An observational study of 4233 community-dwelling men aged 70-88 years, who participated in a randomised controlled trial of screening for AAA.


Infrarenal aortic diameter measured by ultrasound and 25(OH)D by immunoassay.


A total of 311 men (7.4%) with AAA (defined as aortic diameter ≥ 30 mm) comprised the study. Multivariable models were adjusted for age, smoking, cardiovascular disease, hypertension, diabetes, dyslipidaemia, body mass index and serum creatinine concentration. Amongst men with the lowest 25(OH)D quartile of values compared with the highest quartile, the adjusted odds ratio of having an AAA increased in a graded fashion from 1.23 (95% confidence interval (CI) 0.87-1.73) for AAA ≥ 30 mm to 5.42 (95% CI 1.85-15.88) for AAA ≥ 40 mm.

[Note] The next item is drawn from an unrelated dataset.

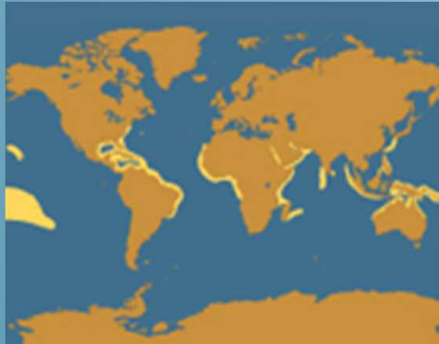
Butterfly fish Range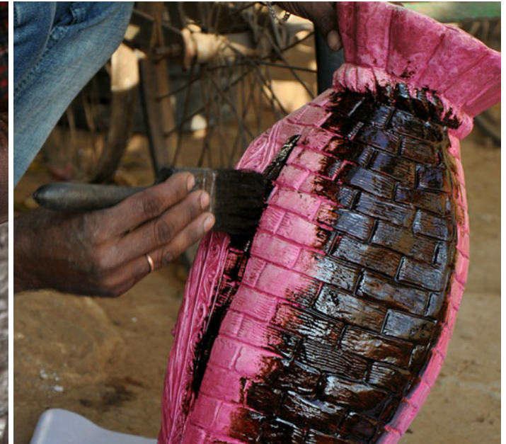
Black Japanese paint is coated on the idol.

Similarly, there was a dose-response relationship between 25(OH)D concentrations and the size of the AAA: every 10-nmol l(-1) decrease in 25(OH)D levels was associated with 0.49 mm (95% CI 0.11-0.87) increase in mean aortic diameter.


Low vitamin D status is associated with the presence of larger AAA in older men, and there is a graded inverse relationship between 25(OH)D concentrations and AAA diameter. Further research is needed to clarify the mechanisms underlying these associations.